£209m paid to address state pension underpayments; 'gigantic task' ahead

The Department for Work and Pensions (DWP) has repaid a total of £209.3m to individuals impacted by historical state pension underpayments as of 31 October 2022, having identified 31,817 underpayments.

The problems affected married women whose husbands reached pensionable age before 2008, as well as widows and those over 80, who were unknowingly entitled to an 'enhanced pension' that would have boosted their payments by up to 60 per cent.

According to the DWP’s latest update, the DWP has reviewed a total of 111,953 cases between 11 January 2021 and 31 October 2022, identifying 31,817 underpayments within these cases.

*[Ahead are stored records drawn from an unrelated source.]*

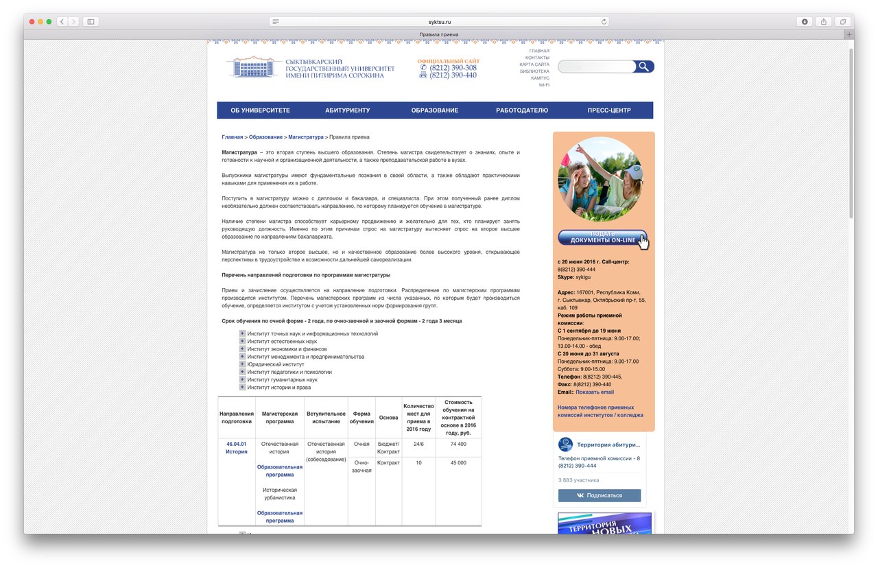Ещё с момента полноценного введения ЕГЭ ведущему усть-сысольскому вузу стало сложно конкурировать за внимание абитуриентов бакалавриата. В последние годы, вслед за всё продолжающимся падением качества образования в СГУ и ростом контрольных цифр приёма (КЦП) в приличных вузах, это коснулось и магистратуры. Видимо, поэтому, чтобы хоть как-то объяснить вчерашним выпускникам бакалавриата истфака СГУ необходимость и дальше оставаться в стенах alma mater, его [истфака] нынешнее руководство во главе с Любовью Максимовой придумало открыть магистерскую программу «Историческая урбанистика». А то урбанистов в городе развелось сверх меры, но все какие-то неправильные — необразованные, наверное. Конкурс при этом решили сделать единый с обычной программой по отечественной истории, чтобы не мудрить.
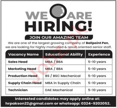 Private Company jobs advertisement dated about 17 November 2024 in daily Jang Newspaper invites application for the vacant post of sales head, marketing head, technician, supply chain head and production head in Lahore, lahore Punjab Pakistan. Preferred Education is Master, Intermediate, Bachelor and MS etc.
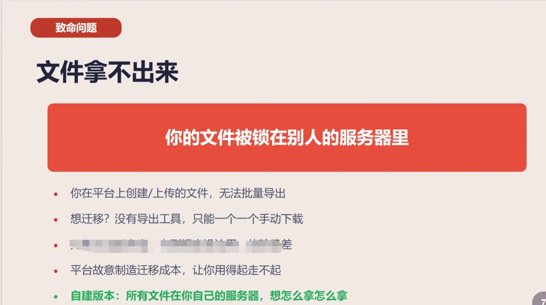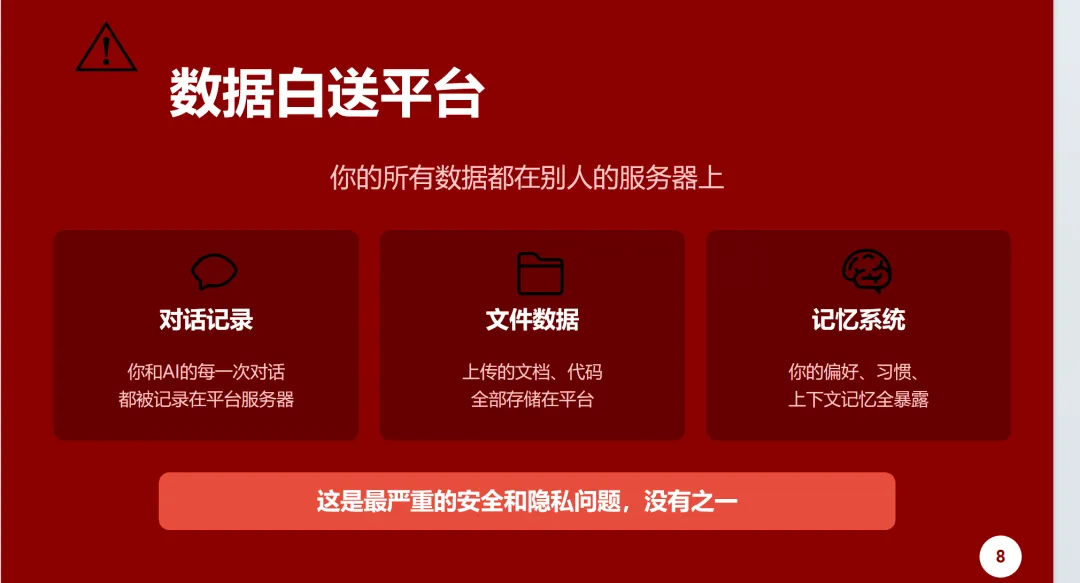• 平台有没有读你的数据?你不知道。 • 平台有没有用你的数据训练模型?你不知道。 • 平台倒闭了你的数据去哪了?你不知道。 • 平台被攻击了你的数据泄露了怎么办?你不知道。
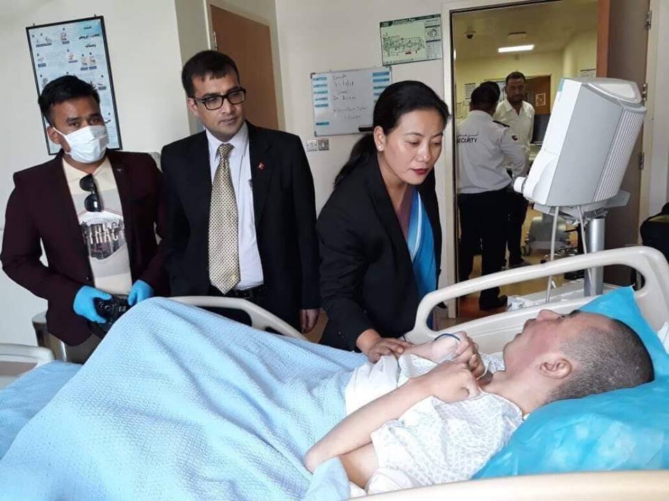 युएईको अस्पतालमा कोममा रहेका नेपालीलाई भेट्न पुगिन् खानेपानी मन्त्री
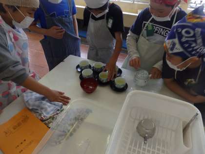 グループで協力しながら,お茶を入れました。初めての経験の児童も多く,試行錯誤しながら取り組んでいました。全クラス行ったので,全員お茶入れ名人になれた・・・かな?またお家で感想を聞いてみてください♪
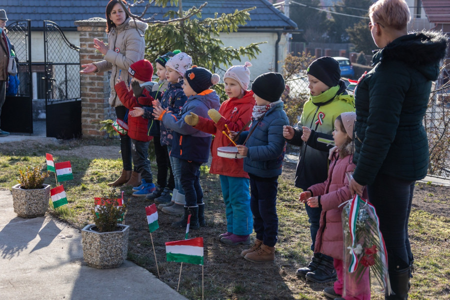 A képviselő arra kérte a megjelenteket, hogy a hosszú hétvégén tegyenek egy sétát az Alsóvárosi temetőben és hajtsanak fejet a 22 veszprémi '48-as hős emléke előtt. A Ficánka tagóvoda ovisainak műsorát követően a megmelékezők elhelyezték koszorúikat és virágaikat a kádártai hősi emlékműnél.
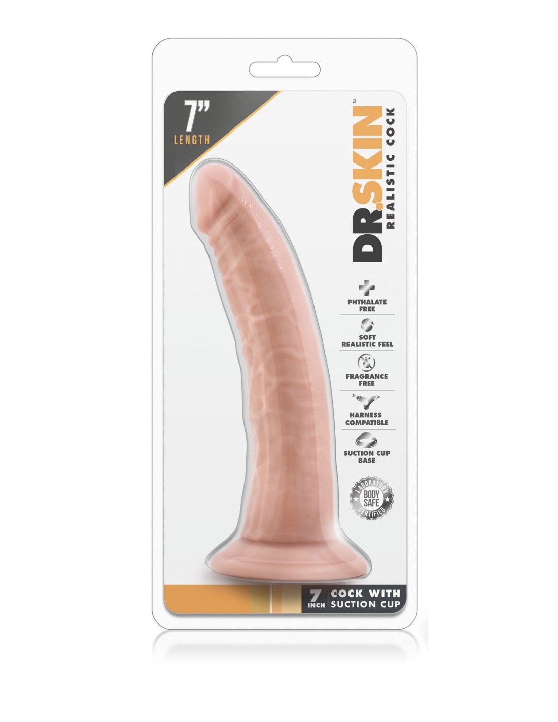 ¡El médico está dentro! El Dr. Skin Realistic Cock de 7 pulgadas es un consolador realista con una base de ventosa resistente que se sujeta a cualquier superficie plana para pasar un rato a solas. ¡O únete para divertirte con el arnés con correas! Este Dr. Skin Realistic Cock está hecho de PVC suave y seguro. No contiene ftalatos, parafinas ni látex. Para limpiar, use agua y jabón o un limpiador de juguetes y luego deje secar al aire.
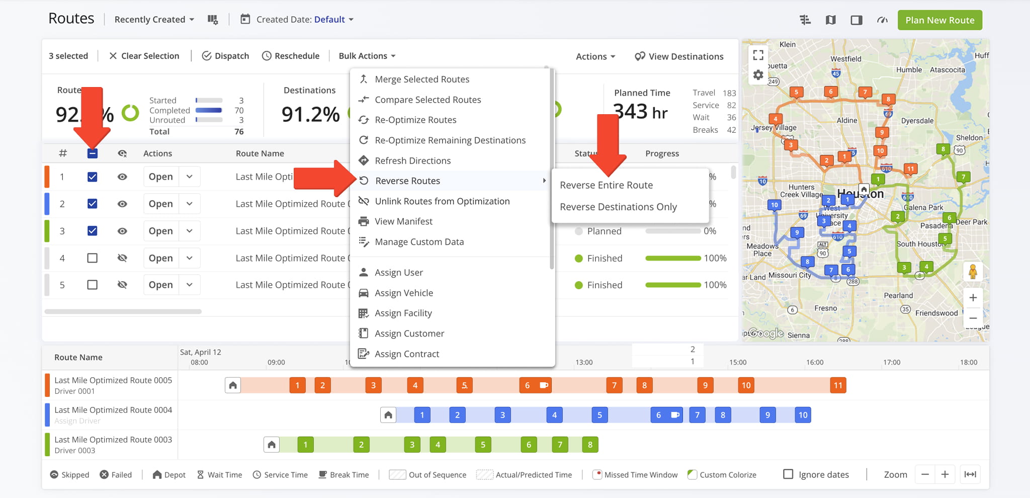 Select “Reverse Routes” to flip the order of stops and directions for a route. You can reverse the entire route, including start and end points, or just the destinations. When reversing a Round Trip route, the scheduled start and end points remain as is.

A total of £91.1m was repaid to the 13,157 cases involving a married woman, with an average arrears amount of £6,929, while a total of £84m has been paid in relation to the 7,876 widowed cases, with an average £10,772 payment,

In addition to this, £34.2m was repaid in relation to 10,784 cases involving over 80s, with an average payment of £3,172.

Despite this progress, industry experts have emphasised that there is still much more work ahead, with previous estimates from the DWP suggesting that as many as 237,000 pensioners have been underpaid around £1.46bn.

Indeed, LCP pointed out that the current £209m paid out to nearly 32,000 people by the DWP represents just 13 per cent of the estimated total number of people and 14 per cent of the estimated money due.

The firm also noted that although the DWP had previously suggested that the department expected to complete the process by the end of 2023, the recent 2022 Annual Report said there was a risk that the project could run “..through to late 2024”.

However, LCP suggested that even this may seem optimistic, as analysis found that even if the DWP's monthly run rate was upped from the current 2,000 payments per month to 3,000 cases, it would take another five years or more to finish the job.

“The scale of these underpayments is so great that putting it right could easily end up taking four years or more from start to finish," LCP partner, Steve Webb, stated.

"It is quite shocking that well over a hundred thousand pensioners are to this day receiving the wrong rate of pension, and the DWP is clearly way behind schedule in fixing the problem.

"With cost-of-living pressures affecting many elderly people on low incomes, it is essential that the pace of fixing these errors is stepped up and people get the money they are due as soon as possible”.

Adding to this, Hargreaves Lansdown senior pensions and retirement analyst, Helen Morrissey, argued that the DWP "has a gigantic task ahead of it to resolve these issues and it must pull out all the stops to make sure it happens as soon as possible”.

“The DWP has let pensioners down on a massive scale – particularly women who tend to retire on lower incomes anyway," she continued.

"Today’s data shows the DWP has so far handed back more than £209m to people affected by state pension underpayments. This is progress but a drop in the ocean when compared to the almost £1.5bn estimated to have been underpaid overall.

"In some cases, these underpayments have stretched back decades and even though DWP has pledged to hire more people to speed up the process, it is clear many could be waiting for some time still before they are reunited with their money."